Prepared By R.R. Donnelley Financial -- Form 8-K
 
UNITED STATES
SECURITIES AND EXCHANGE COMMISSION
Washington, D.C. 20549
 
Form 8-K
 
Current Report
Pursuant to Section 13 or 15(d) of the Securities Exchange Act of 1934
 
Date of Report (Date of earliest event reported):  07/30/2007
 
CORINTHIAN COLLEGES, INC.
(Exact name of registrant as specified in its charter)
 
Commission File Number:  000-25283
 
DELAWARE
  
33-0717312
(State or other jurisdiction of
  
(IRS Employer
incorporation)
  
Identification No.)
 
6 HUTTON CENTRE DRIVE, SUITE 400
SANTA ANA, CALIFORNIA 92707
(Address of principal executive offices, including zip code)
 
714-427-3000
(Registrant’s telephone number, including area code)
 
(Former name or former address, if changed since last report)
 
Check the appropriate box below if the Form 8-K filing is intended to simultaneously satisfy the filing obligation of the registrant under any of the following provisions:

[  ]   Written communications pursuant to Rule 425 under the Securities Act (17 CFR 230.425)

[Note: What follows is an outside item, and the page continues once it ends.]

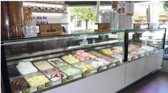
Der Familienbetrieb begeistert die Gäste mit 28 Eissorten

Im Sommer ist dieser beliebte Eissalon nicht mehr wegzudenken. Mit 28 Eissorten bietet der Familienbetrieb eine beeindruckende Auswahl für jeden Geschmack.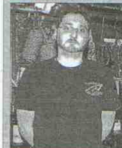
Taberna La Carboneria Dirección: calle Zabala, 9 Tapas: Trigos

[  ]   Soliciting material pursuant to Rule 14a-12 under the Exchange Act (17 CFR 240.14a-12)

[  ]   Pre-commencement communications pursuant to Rule 14d-2(b) under the Exchange Act (17 CFR 240.14d-2(b))

[  ]   Pre-commencement communications pursuant to Rule 13e-4(c) under the Exchange Act (17 CFR 240.13e-4(c))
 

Information to be included in the report

 
Item 2.05.    Costs Associated with Exit or Disposal Activities
 
On July 30, 2007, Corinthian Colleges, Inc. ("Corinthian") informed the employees of 13 of its schools of its plan to divest those schools (the "Plan"). The Plan includes the anticipated sale of 12 of Corinthian's Canadian campuses outside of the province of Ontario, Canada, as well as Corinthian's WyoTech Boston campus. As previously announced, Corinthian adopted the Plan during the fourth quarter of its fiscal year ended June 30, 2007 in order to divest itself of underperforming campuses.

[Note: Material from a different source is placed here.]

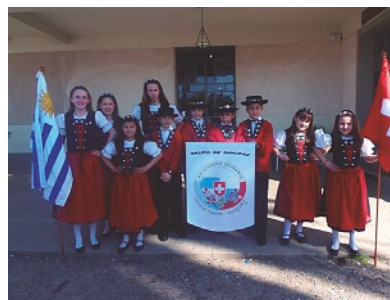
Grupo de danzas “Am Unsere Schweiz”

Corinthian has not yet secured a buyer for any of the 13 schools included in the Plan, but has retained the services of an investment banking firm to assist management in identifying potential buyers and evaluating proposals for the Canadian campuses. Corinthian anticipates completing the sale of each of the schools included in the Plan during its fiscal year ending June 30, 2008.

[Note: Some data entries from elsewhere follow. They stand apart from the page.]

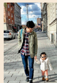
▲該男子前往瑞典工作後，有更多時間陪伴女兒。

2020年2月，他從日本一家汽車公司跳槽到瑞典一家初創企業，年薪增加到上一份工作的1.5倍。工作日在下午6點下班，與妻子和女兒一起吃晚飯，飯後也有更多時間陪女兒玩。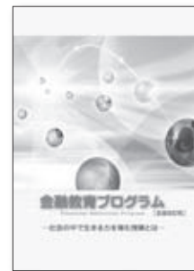
金融教育プログラム [全面改訂版]

A1. 金融教育は、お金や金融の様々な働きを理解し、それを通じて自分の暮らしや社会について深く考え、自分の生き方や価値観を磨きながら、より豊かな生活やよりよい社会づくりに向けて、主体的に行動できる態度を養う教育です。 詳しくは「金融教育プログラム(全面改訂版)」(知るぽるとホームページ)をご覧ください。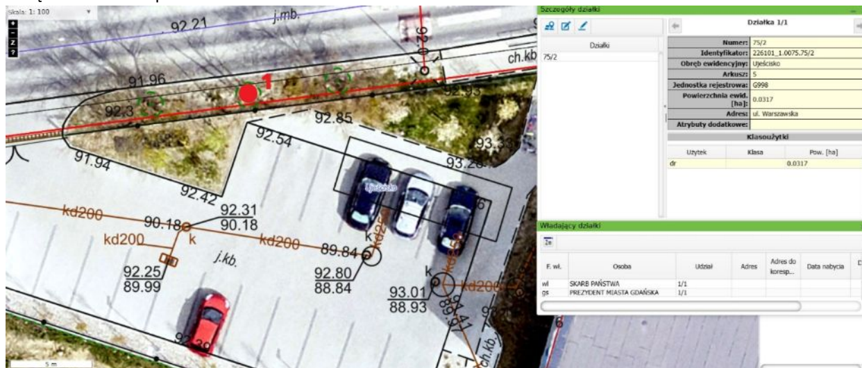
Mapa - lokalizacja drzewa do usunięcia, ul. Warszawska.

Załącznik nr 1 do pisma nr PD.5103.166.2026.KB

Until the sale is completed, these campuses will be accounted for as discontinued operations. Corinthian concluded that the carrying value of the goodwill and certain long-lived assets associated with these campuses was impaired under generally accepted accounting principles. Accordingly, Corinthian anticipates recognizing a non-cash charge of approximately $0.07 per share for the quarter ended June 30, 2007. This charge has been estimated in accordance with the provisions of Statement of Financial Accounting Standards No. 144, Accounting for the Impairment or Disposal of Long-Lived Assets ("SFAS 144"). Under SFAS 144, net assets held for sale are required to be recorded on the balance sheet at estimated fair value, less estimated costs to sell. The Company expects to incur selling costs associated with this action, including, but not limited to, investment banking and attorneys' fees, of approximately $700,000, which have been included in the anticipated charge described above. Additionally, the Company expects to incur employee retention and severance costs that cannot be reasonably estimated at this time. The total costs and charges estimated to be incurred in connection with the Plan are the aggregate of the above-described amounts, which also cannot be reasonably estimated at this time.

In accordance with SFAS 144, the estimated selling costs and fair value of the schools in the Plan will be re-evaluated by Corinthian as of the end of each fiscal quarter until all 13 schools included in the Plan are sold. Any changes in fair values or estimated selling costs may result in additional charges or costs that may be material to Corinthian's consolidated results of operations.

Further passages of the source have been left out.